Over time, I ended up scaling up my "prod" cluster to 10 nodes, which looking back now, I'm realizing was really only to support running ODF and still have enough resources available for other workloads.  After removing ODF, I ended up with a mostly empty Openshift cluster, and an opportunity to reswizzle some things in my lab.  I decided it was a good idea to split my prod cluster in half and redeploy 5 of the nodes as a separate dev cluster.I mean, it is a good idea.  Now I can better utilize my hardware, and it gives me a place where I can test out things like upgrades and changes without blowing up my prod cluster... kind of like how you might run Openshift in a real enterprise environment (gasp!)  But this is home lab! We "move fast and break things" here...  yeah, I enjoy uptime as much as anyone else does.  It may just be a home lab, but I still serve some externally facing applications from my prod cluster, not the least of which being this here blog you're reading.  So, while nothing I host is terribly important, it is important to me.

Once I decided it was time to chop my prod cluster in half and create two clusters, I had some work to do.  In no (okay... some) particular order -

  • Reconfigure vfiopci for GPU passthru (was previously pinned to these 5 nodes, now I just have the masters configured for pod pass thru and the 2 workers for VM pass thru.  You can't have both with Intel)
  • decom the nodes (wipe disks, shut down, remove from OCP)
  • move the nodes to a different VLAN (I like to keep my OCP clusters on separate networks... not 100% necessary, but it is a good practice)
  • create new DHCP reservations
  • create new DNS records (including the wildcard for the ingress, which requires a custom config which I wrote about here)
  • configure TFTP for PXE booting on the new VLAN

My prod cluster is a UPI (meaning "hard mode", you do all the leg work) cluster.  I have all the necessary services; dhcp, dns and haproxy, running on OPNsense.  For whatever reason, the HAProxy plugin on OPNsense will not allow you to bind ports 80 and 443 to multiple VIPs (frontends), so going UPI for my dev cluster isn't really an option.  Besides, UPI sucks!  The assisted installer is awesome, and that is how I set up my infra cluster.

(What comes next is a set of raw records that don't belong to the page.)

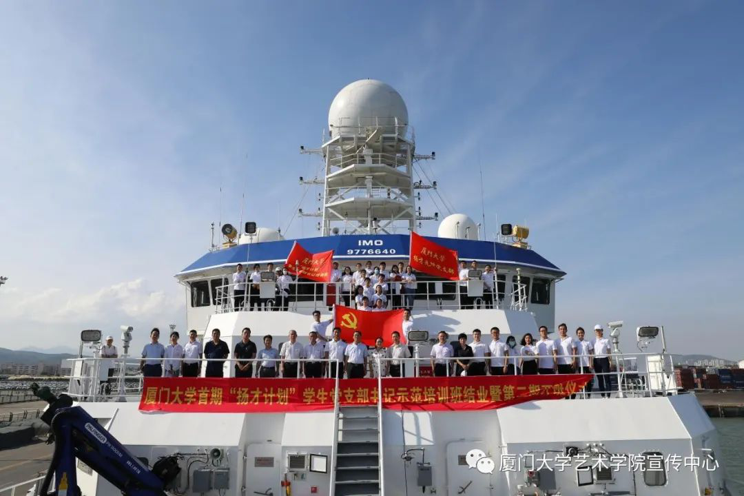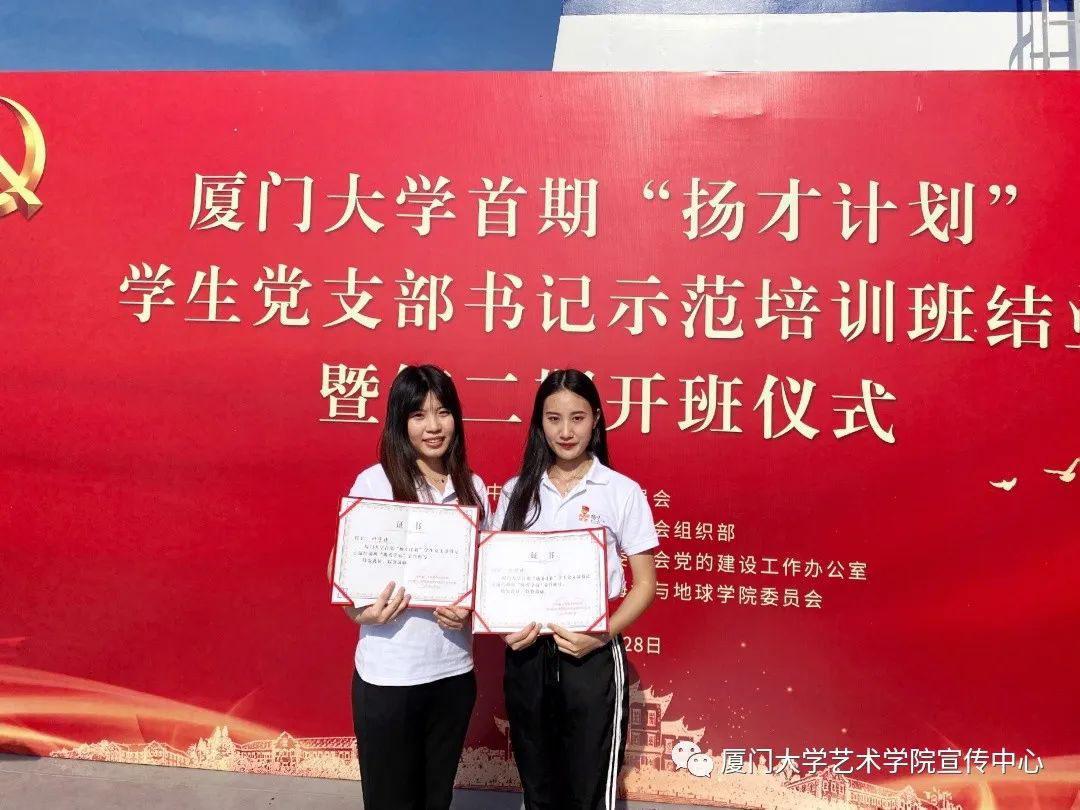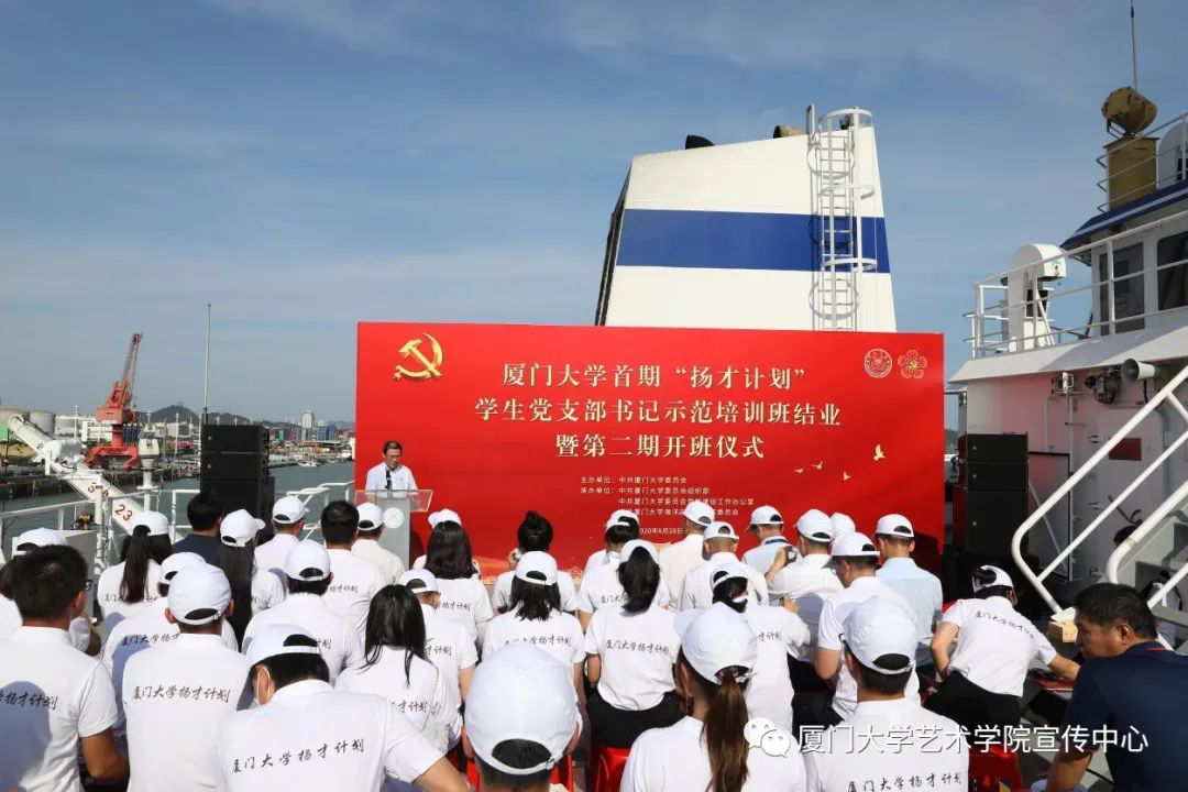 6月28日下午,厦门大学首期“扬才计划”学生党支部书记示范培训班结业暨第二期开班仪式在厦大“嘉庚”号科考船上隆重举行。仪式对首期“扬才班”优秀学员标兵和优秀学员进行了表彰,艺术乐动(中国)学生骨干方舒晴、叶宇晴荣获“优秀学员”(全班仅10名)。仪式上还宣读了《关于扬才先锋党支部支部委员会委员、书记、副书记人员组成的决定》,艺术乐动(中国)学生骨干、二期“扬才班”学员蓝艳担任扬才先锋党支部副书记。
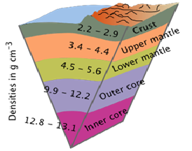 The inner core is the innermost part of earth and due to high temperatures (more than 60000 Celsius) it ought to be in a liquid state. But researches have shown that it is in a solid state due to extreme pressure of the overlying layers. Inner core also happens to be the densest layer. Infact the density of earth decreases as one moves away from the centre towards the surface.
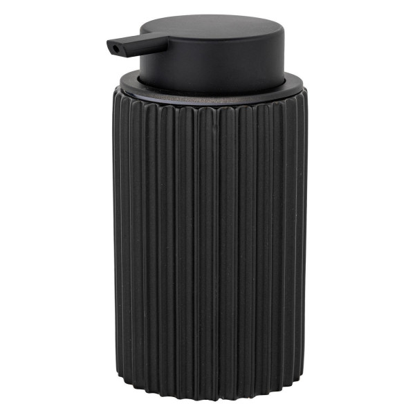 Der Seifenspender SOLIERA der Marke Schöner Wohnen ist aus schwarzer Keramik gefertigt und mit Längsrillen versehen. Der Boden ist mit Anti-Rutsch-Noppen ausgestattet, die für einen sicheren Stand sorgen. Der Seifenspender hat eine Breite von 9,5 cm, eine Höhe von 13,5 cm und eine Tiefe von 8,5 cm. Das Fassungsvermögen beträgt 400 ml.
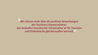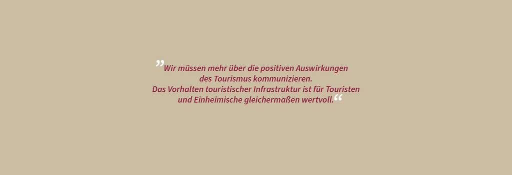 … betonen stark die gesamte „Wertigkeit“ des Tourismus im quantitativen wie auch qualitativen Sinne, also die ökonomische Bedeutung ebenso wie den Beitrag zur Lebensqualität der Bürger vor Ort.
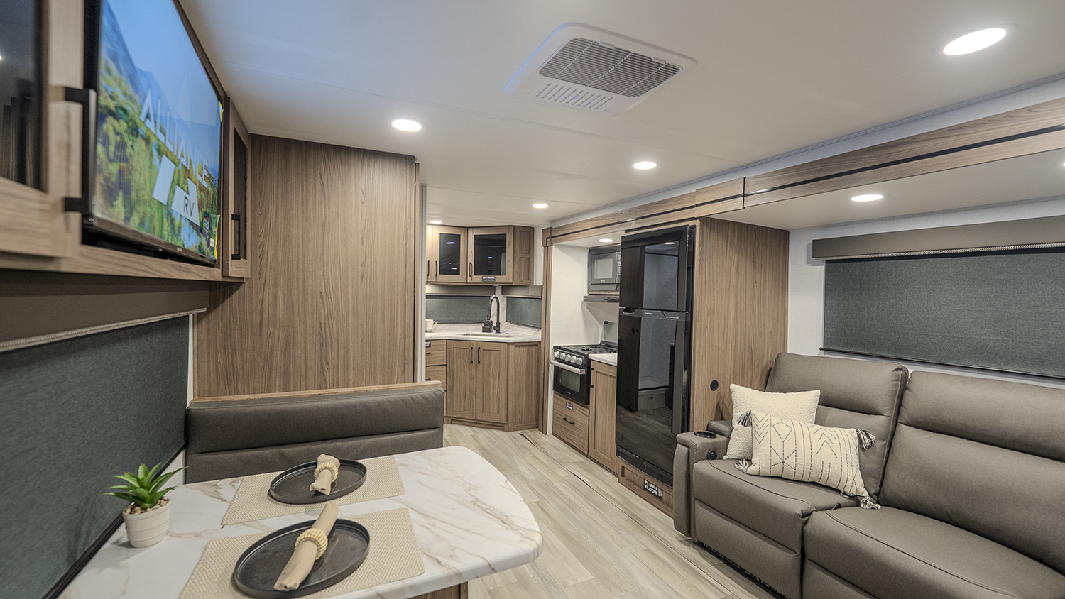 - Smart Open Layout: A spacious living area with a plush theater sofa and a versatile dinette for meals, work, or relaxation.
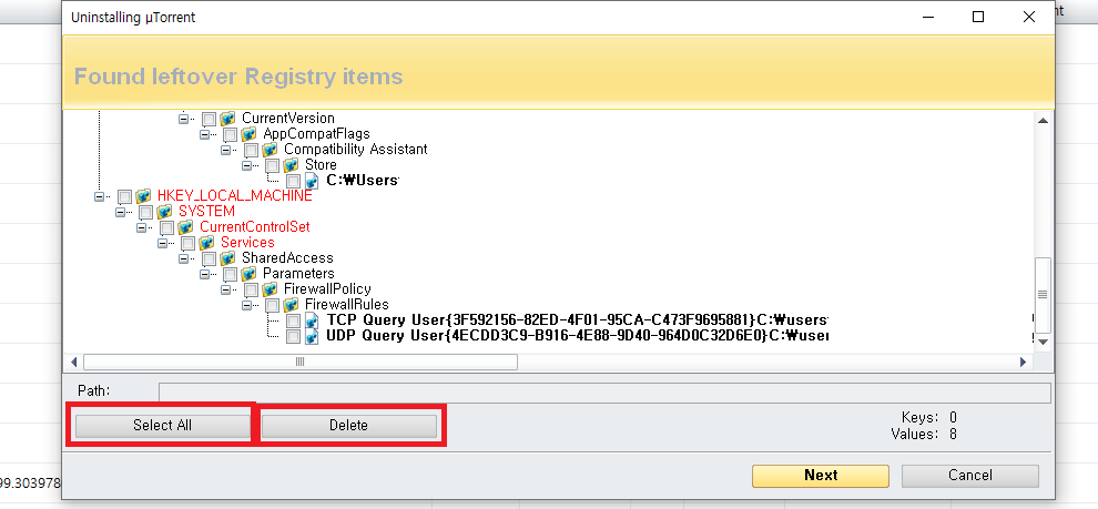 ✓ 스캔을 누르게 되면, 파일이나 프로그램 등을 삭제하고, 남은 찌꺼기 파일들이 나타나는 것을 알 수 있는데요, 이 파일을 모두 삭제하시려면, 왼쪽에 있는 Select All을 누르시고, Delete 버튼을 눌러주시면 됩니다. 그런 다음, 나오는 삭제 확인 화면에서 예를 선택해주시면 됩니다.

How to PXE boot the Assisted Installer

Creating a new cluster with the Assisted Installer always begins with a visit to console.redhat.com.  Log in to console with your Red Hat credentials and then navigate to Services > Containers > Clusters and then click on the Create cluster button.  Select Datacenter and the click the Create cluster button under the Assisted Installer section at the top.

Give your cluster a unique name (it must resolve to the DNS entries you created for your cluster) and then click next.  On the second screen you can select which operators you want to use, eg; Openshift Virtualization, ACM, etc.  I typically prefer to do these configurations post-deploy, so I just leave them turned off.  Then click next.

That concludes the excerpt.